A landmark renewable energy law is making progress through the bureaucratic process of the Israeli government.
According to media reports, the Israeli Legislature’s Finance Committee recently discussed the details of a renewable energy law. The current form of the law has attracted some criticism, as it does not explicitly mention any targets for renewable energy use.
While the Infrastructure, Energy and Water Resources Ministry seeks to increase the share of renewable energy in the country’s electricity consumption to 10% by 2020 and 17% by 2030, the draft renewable energy law gives power to decide the renewable energy targets to the Cabinet.
At present, only 2.6% of the electricity consumed in Israel comes from renewable energy sources. The ministry reported to the Finance Committee that it has set a quote of 3 GW renewable energy capacity to be set up by private sector generators, but only 800 MW capacity is currently operational.

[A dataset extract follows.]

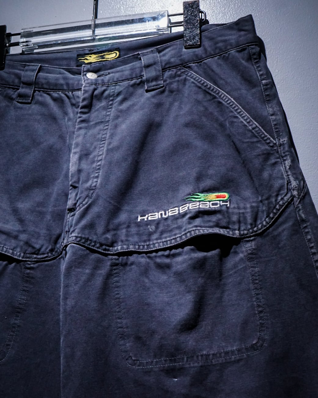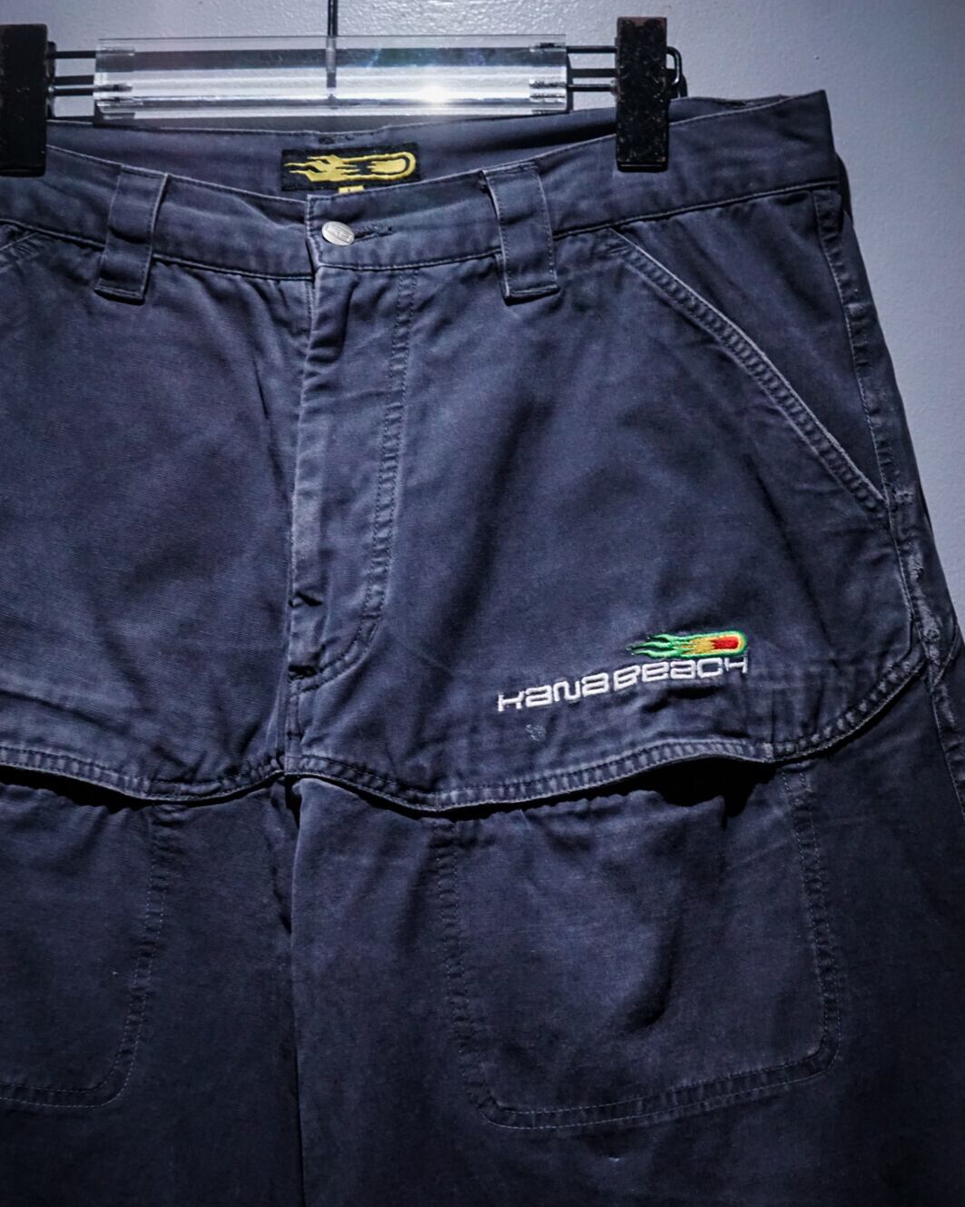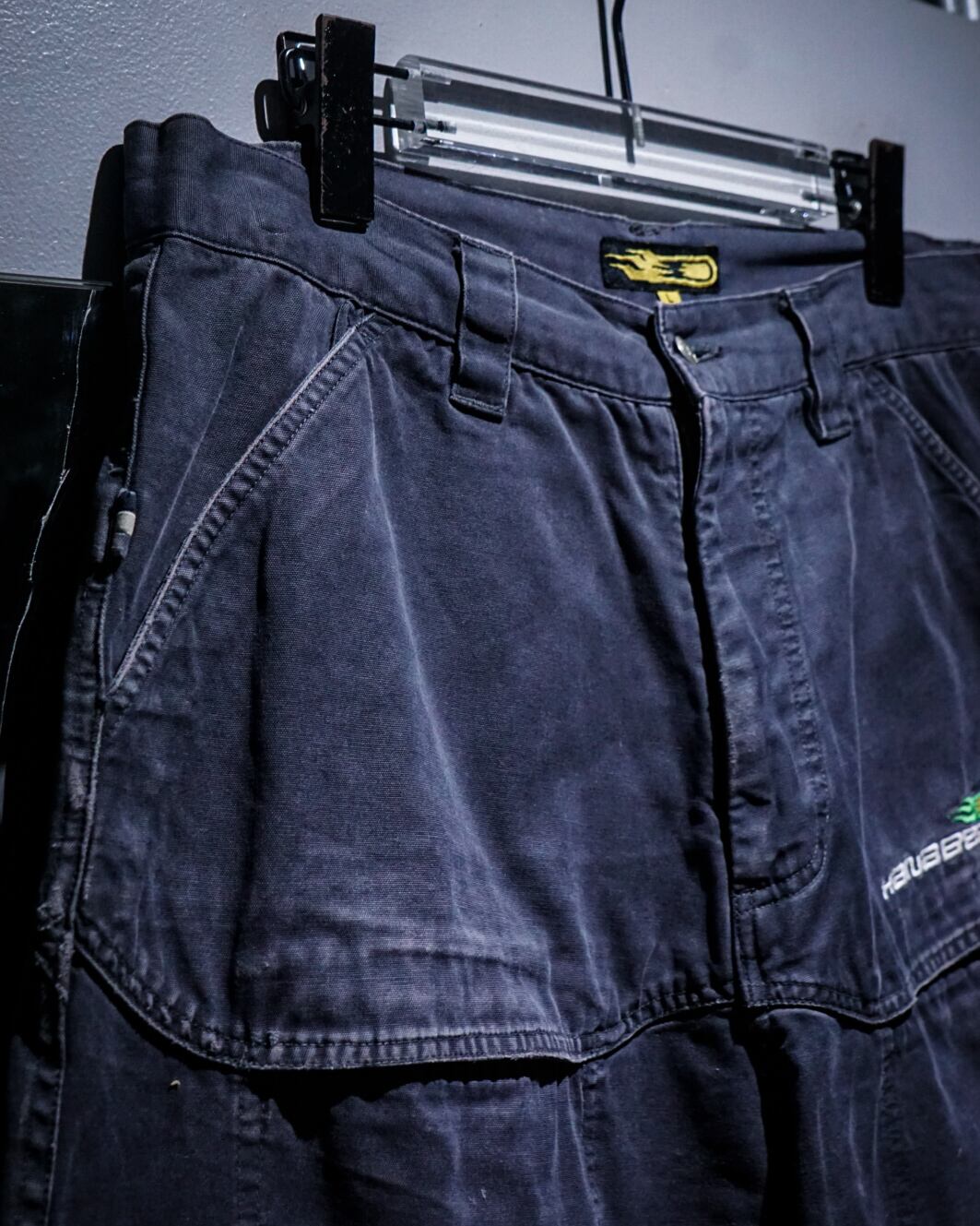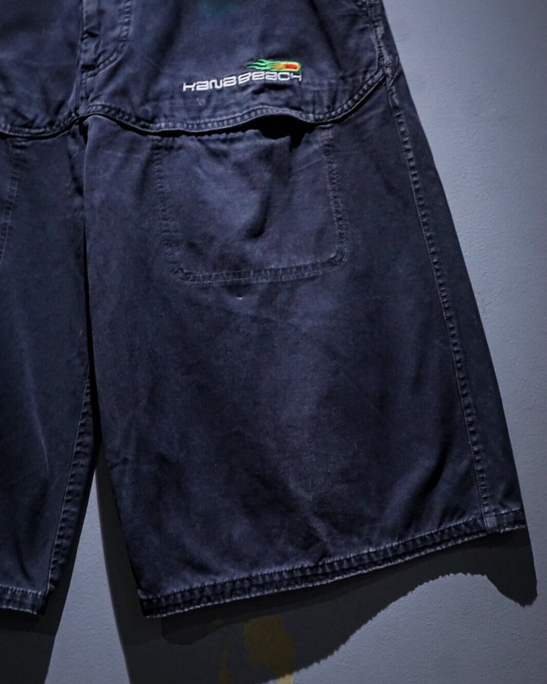 両サイドのスラッシュポケット&バックポケットに加え、フロントの切り替えを活用し、両腿にもポケットをプラスした機能的な一面も◎ワンポイントで施された刺繍によるアクセントもグッドです。

If the draft renewable energy law is amended to include specific, time-bound targets for renewable energy share it will remove any uncertainty and ambiguity for project developers, and attract many international investors to Israel.
The bill is expected to help Israel achieve the emissions reduction target it submitted to the United Nations earlier this year. Israel aims to cut its greenhouse gas emissions by 26% from 2005 levels by 2030.
Over the last few months, the Israeli government has shown intent to promote renewable energy technologies. Following discussions with Greenpeace Israel, the Israeli Ministry of Finance stated that it hopes to enact net-metering regulations and policies to remove hurdles for increasing investment in the solar power sector.
Israel is also working on large-scale solar power projects. It issued licenses to 9 projects with a combined generation capacity of 385 MW. The Public Utility Authority has also issued 50 licenses for smaller projects with a total installed capacity of 116 MW.